Flogging might also be used as an alternative punishment for minor sexual assaults of even rapes, not for the likes of Antoni Imiela, but for first time and most likely one-off offenders. What is worse, making a man suffer intensely and briefly for his crime, or locking him up for years then discharging him to a hostel for the homeless and pressurising him into taking a menial job if any company is willing to employ him?

Moslems who openly express their revulsion of homosexuality have been targeted of late, but those who show or appear to show any sympathy for Al-Qaeda – in all its variants – come in, understandably, for much greater scrutiny. This appears to be why Azhar Ahmed has been singled out, but what did he actually write?

“All soldiers should DIE & go to HELL!”

That is the bottom line. We are all going to die eventually – in spite of Aubrey de Grey – and aren’t we told all the time by Christian fundaments that unless we repent, we will go to Hell?

One should also bear in mind the context of this post, it was written shortly after 16 innocent people were murdered in Afghanistan by an American soldier who appears to have “lost it” big time. As a Moslem, Azhar Ahmed is entitled to be angry at seeing his fellow Moslems murdered by someone who is supposed to be in Afghanistan to fight terrorists and to make it safe for democracy. Leaving aside the anger though, where does racially aggravated come in? Americans are not a race. It transpires now that the soldier concerned is white, but he could easily have been black, there are many blacks serving with the American forces, and not a few of other races, Hispanics for example.

There is absolutely no element of racial aggravation or racial anything in this statement; furthermore, he is simply expressing the same outrage that many non-Moslems feel, that the West has been duped by its leaders into fighting a series of unnecessary bloody wars – Iraq, Afghanistan, Libya to some extent, what next – Iran? And for what? The current madness was instigated by the atrocities of 9/11, yet rather than being an antidote for the hate that led to 9/11 it has led to suffering on an enormous scale: American, British and soldiers of many other nationalities being sent home in body bags; others with their limbs and minds shattered; and for every dead or wounded Western soldier there must surely be ten or twenty natives who have suffered the same. There has been dehumanisation on both sides, torture, false imprisonment of innocents for years, and don’t let’s even mention the cost, every dollar wasted on these wars could have been spent productively at home.

There have been some quite mendacious and ludicrous prosecutions in Britain in recent years under this specious race relations and public order legislation, but this one must surely take the biscuit. If the non-case against Azhar Ahmed is not thrown out at committal, no one will be safe.

The big question is how do we combat this nonsense? In order to answer this, we must first ask why do the police and CPS lawyers bring such ludicrous charges in the first place? The simple answer is because they can. They do this because they have immunity; whatever duress, suffering or punishment they bring on innocent people, they know they will not be held personally accountable. Thus, in order to rectify this malady, we must make them personally accountable.

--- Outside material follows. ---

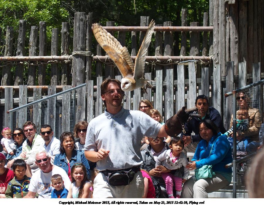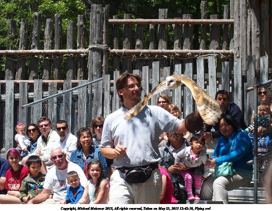 Picture #9: Flying owl #3 Thumb: 450x338, 71,091 bytes (70K) Small: 900x698, 197,797 bytes (194K), (html file) Copyright, Michael Meissner 2015, All rights reserved Olympus Stylus-1 camera f/3.5, ISO 100, 1/1000 sec, 21.2mm, auto mode, vivid color, SHQ, matrix metering, IS Auto, noise filter low 35mm equivalent focal length 100.0mm Programs used: crop, raw therapee Taken by Michael Meissner on May 23, 2015 12:42:10 Last modified on May 24, 2015 at 22:55 The file originally appeared in http://www.the-meissners.org/2015-small-albums/2015-stone-zoo/index.html. |

The reader will find some background to the problems posed by both blanket immunity and vicarious liability in The Wizard Of Oz Syndrome, but the simplest way to hold malicious prosecutors accountable would be to introduce wasted costs orders against them. This suggestion was made after the Coalition Government set up its short lived Your Freedom website. Like every other citizen’s initiative of the time it appears to have been noted and then forgotten. For police who transgress, hitting their pension funds with a big fine might be more suitable. The simple fact though is that as long as people are able to trample all over others with impunity, they will do so, that is why we have laws, but when the laws do not apply either to the law enforcers or the law makers, we have serious problems.

This is the major reason why except in very narrow fields there has never been a real tradition of free speech in Britain. Anyone who asserts otherwise is either a fool or a knave.